P.S. the "Patol Babu" excerpt above is from Ray’s own English translation of the story, most recently published in Classic Satyajit Ray. Incidentally, this is also the story that Dibakar Banerjee has adapted for his short film for the 100 Years of Cinema project. As mentioned in my Banerjee profile for Caravan, Nawazuddin Siddiqi - an actor who struggled for years before breaking into the big league - is playing the lead role in that film, which will incorporate elements from Nawazuddin's own real-life story.

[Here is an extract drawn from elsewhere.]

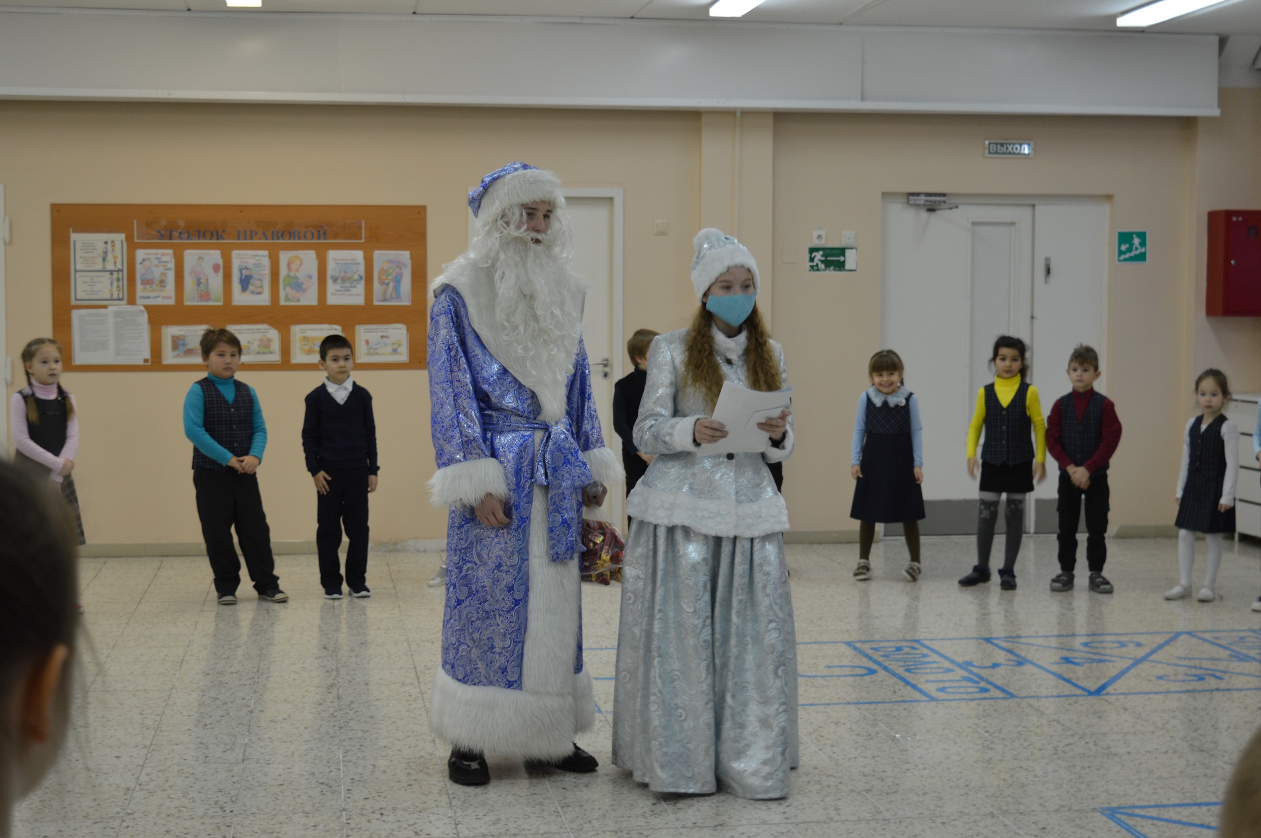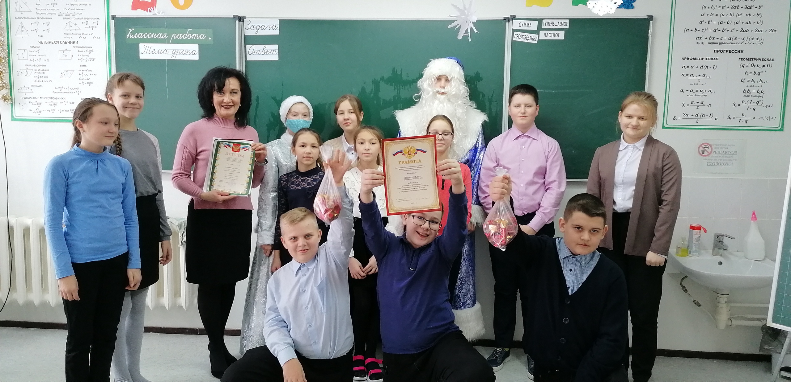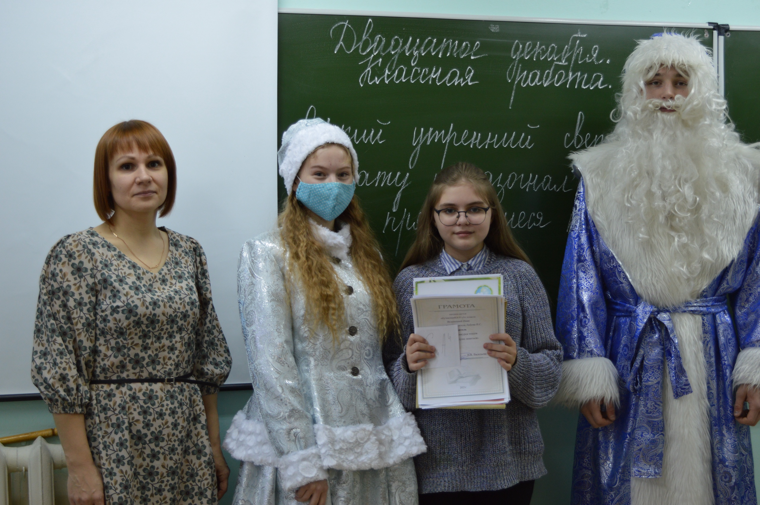 Самым активным классам, кто принимал участие в конкурсах и мероприятиях, Дед Мороз (Гайнов Д.) и Снегурочка (Королёва А.) вручили грамоты.

And an anecdote from an email exchange: probably not something one should read too much into, but then again who knows. A few months ago a photo of the young MacMohan from the Aao Pyaar Karein song was doing the rounds on the internet; movie buffs were asking each other to identify the man, “who became unexpectedly famous in the 1970s”. A friend tells me she was astonished by how many of her correspondents wrote back asking if the picture was that of a skinny young pre-stardom Rajesh Khanna, because “the smile is the same”. Perhaps the angle of the photo was particularly flattering to MacMohan, or perhaps this was because Khanna had recently died and everyone had him on their mind. But as my friend put it, “even if they were seeing things, clearly in that snap he did look hero-like enough for them.” (Or nearly as hero-like as Rajesh Khanna, which is not an unequivocal compliment.)